Keluarganya, mungkin,
sekarang tak menganggapnya lagi sebagai anak. Sebenarnya, setelah sekian lama
tak dapat kerja, ia akan dinikahkan dengan pengusaha kaya raya teman ayahnya,
dari pada ia sulit mencari kerja. Dengan pernikahan itu, ayahnya akan mendapat
imbalan kontrak proyek yang menghasilkan uang sangat besar. Tapi ia menolak
tawaran tersebut, selain ia tak suka dengannya ia juga tahu pengusaha yang
sudah tua itu telah beristri empat. Semua keluarganya marah kepadanya. Akhirnya,
ia kabur dari rumah, tak mau kembali pulang ke rumah.

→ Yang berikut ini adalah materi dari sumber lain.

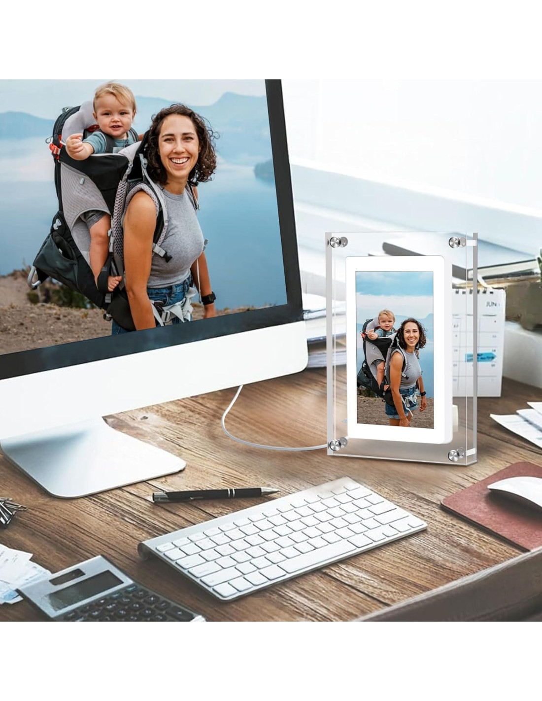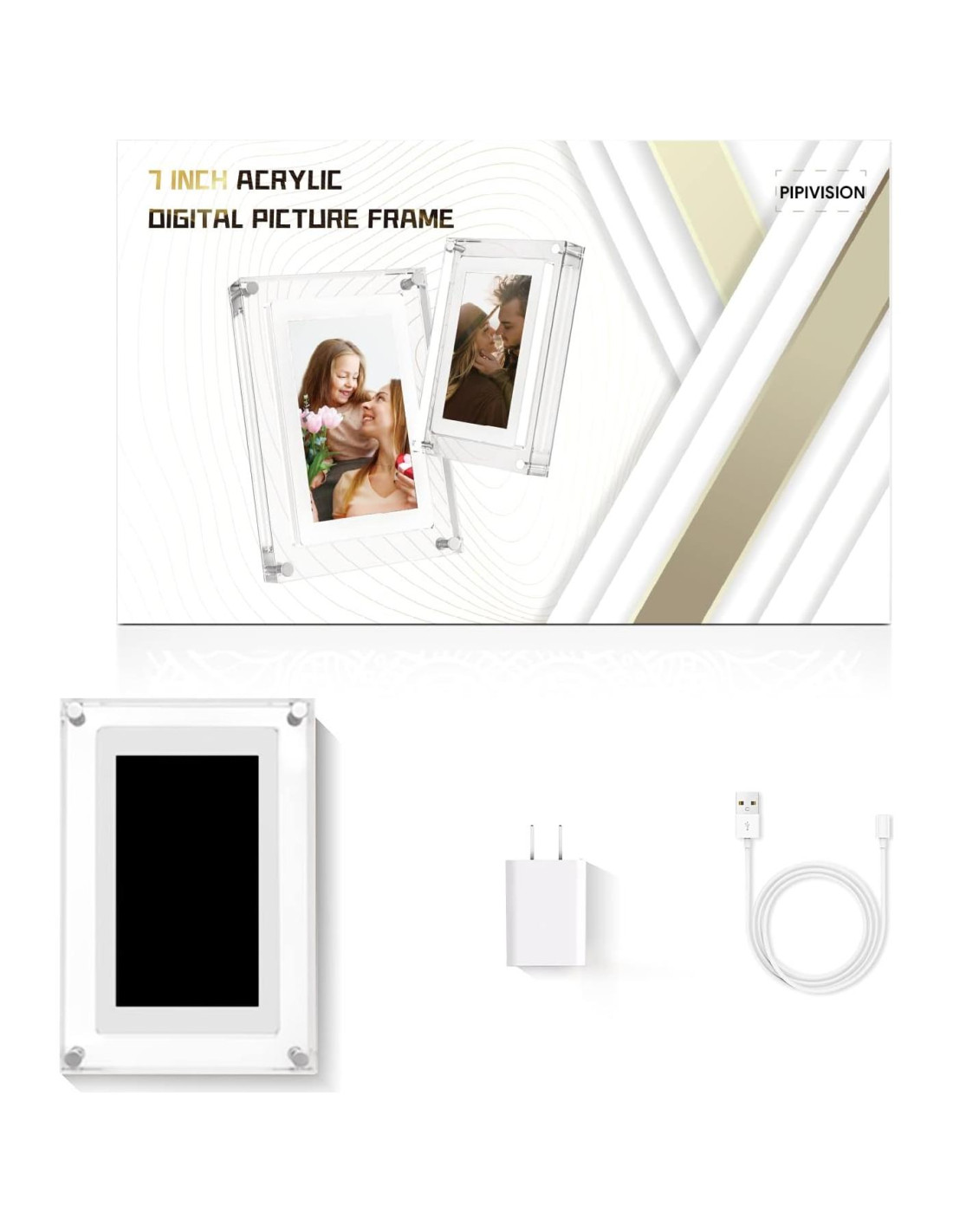 - El marco de fotos digital acrílico de 7 pulgadas presenta un marco de acrílico claro, ofreciendo detalles vívidos y nítidos de fotos y videos para una experiencia visual superior.
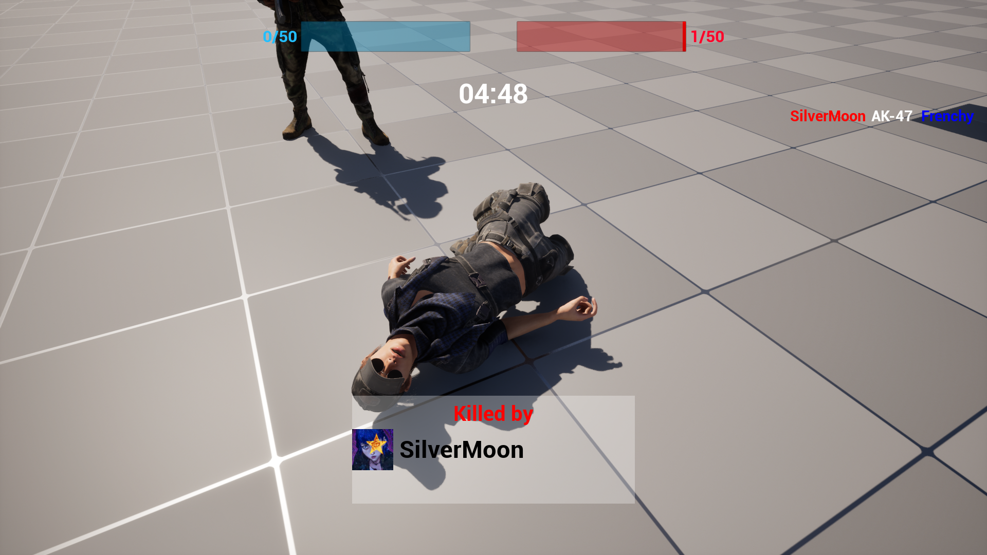 Death screen, showing the killfeed for everyone but also the death info for the killed player

Bekerja di negeri orang, sejak tujuh
tahun lalu, hingga kisah ini diceritakan oleh Mbok Marni, tak ada lagi kabar
dari Senja Bening Lazuardi.
Mendengar kisah
yang baru saja dituturkan oleh anakku, aku langsung bergegas masuk rumah,
menyalakan komputer. Aku mengetik nama SENJA BENING LAZUARDI dalam kotak
pencarian di internet.
Dengan keyword yang aku masukkan dalam mesin pencari www.google.com
. Di urutan paling atas, aku menememukan alamat blog seorang yang bernama Senja
Bening Lazuardi lagi, orang itu menyebut suka dipanggil Bening. Setelah aku
lihat photonya ternyata bukan. Bukan Senja Bening Lazuardi anakku, bukan Senja
Bening Lazuardi seorang dosen filsafat, juga bukan Senja Bening Lazuardi yang
kumaksud, yang kucintai selama ini.
Di bawah
alamat blog itu, kutemukan cerita tentang Senja Bening Lazuardi yang ditulis
oleh entah siapa, aku tak kenal, blognya ia beri judul “Morning Peace”. Cerita
itu mencatat semua kisahku dalam perjalanan pencarian Senja Bening Lazuardi.
Ini aneh, bagaimana ia bisa menuliskan kisahku? Siapakah dia?
Aku ingin
menemuinya. Mungkin ia tahu akhir dari kisah pencarianku ini. Mungkin ia tahu keberadaan Senja Bening Lazuardi.